直到那一天——这是1926年的一个上午,海面平静,云淡风轻,一切都显得从容不迫。一位穿着羊毛大衣头戴礼帽的绅士正站在甲板上,一边感受着海面的波澜壮阔,一边品着酒。这时,从远处走来了两个年轻人。其中一位衣着简单,但干干净净,而另一个则一桌破破烂烂,甚至帽子上还缺了一个洞,脏腻不堪。我断定他们一个来自中等舱,一个来自下等舱。只是我不明白,这两个人为什么会粘在一起。在我的印象中,中等舱的人是绝不屑得搭理下等舱的穷人的,就像上等舱的人绝不愿多看一眼中等舱的人一样。
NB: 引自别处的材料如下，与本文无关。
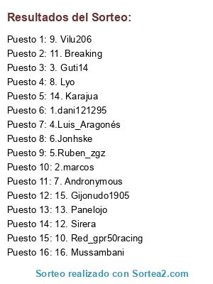 Lista de participantes: 1.dani121295, 2.marcos, 3. Guti14, 4.Luis_Aragonés, 5.Ruben_zgz, 6.Jonhske, 7. Andronymous, 8. Lyo, 9. Vilu206, 10. Red_gpr50racing, 11. Breaking, 12. Sirera, 13. Panelojo, 14. Karajua, 15. Gijonudo1905, 16. Mussambani.
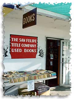 If you've just rolled over on the beach and closed the cover of your last book, you don't have to dispair about finding more reading material. Whether it be the latest Tom Clancy techno-thriller or the collected letters of Goethe, the San Felipe Title Company will be able to help you. They offer an astonishing selection of books and carry a large number of Baja-related titles as well. You can find them on the corner of Chetumál and Mar de Cortez, on the second floor next to Baja Java. |
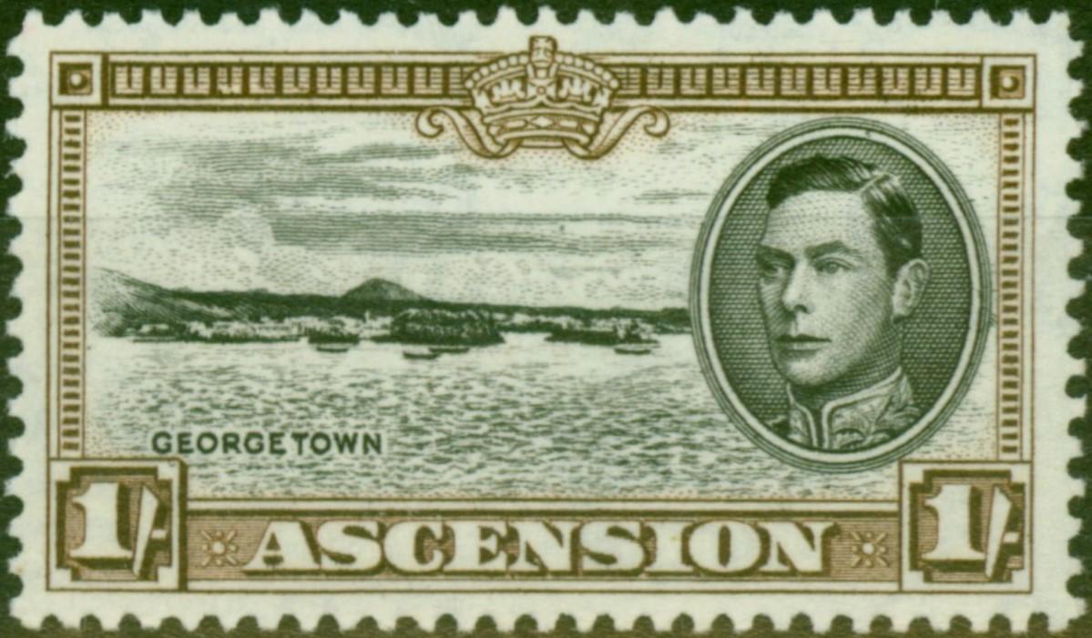 Ascension 1944 1s Black & Sepia SG44a P.13 V.F MNH

只见穷人们满脸通红,双手叉腰,眼睛气鼓鼓地盯着那个年轻人,骂道:“你们何尝体会过我们穷人的感受?你们生来无忧无虑,何曾知道捡来的白菜叶子的味道,何尝体会寒冬腊月只裹一层单衣的感受?何曾体验过住在贫民窟的心酸?”他越说越气愤,唾沫横飞,一边说一边还不时挥舞着手臂,指指点点。富人用鄙夷的目光瞥了一眼穷人,往后退了一步。那个年轻人也不甘示弱,提高了嗓音,嚷着:“哦,是是是。那你们呢?只会抱怨吗?你又忍受过被人看不起的嘲笑吗?品尝过无数次创业又无数次失败的苦果吗?清醒吧!你这穷人,谁也不比谁好过。”他的眼中闪过一丝忧愁,险些化成泪水喷涌出来。两个人都无言以对,刹那间悲伤的情绪笼罩着他们,谁也不愿再多说什么,任由平静的海面变化成翻涌的波涛,发出轰轰烈烈的拍打声。这时候,夫人也不知道该往哪里逃了,他的酒早已经洒了一大半,雪白的衬衫上也都是斑斑红迹。他皱了一下眉,脸绷得紧紧的,一抬手,将酒杯扔到了海里,转过身,朝着对面的人露出轻蔑的笑容,冷冷地说:“人生就一次,别人在努力,你却在抱怨。”然后离开了甲板,只留下他们俩僵硬的站立在那儿。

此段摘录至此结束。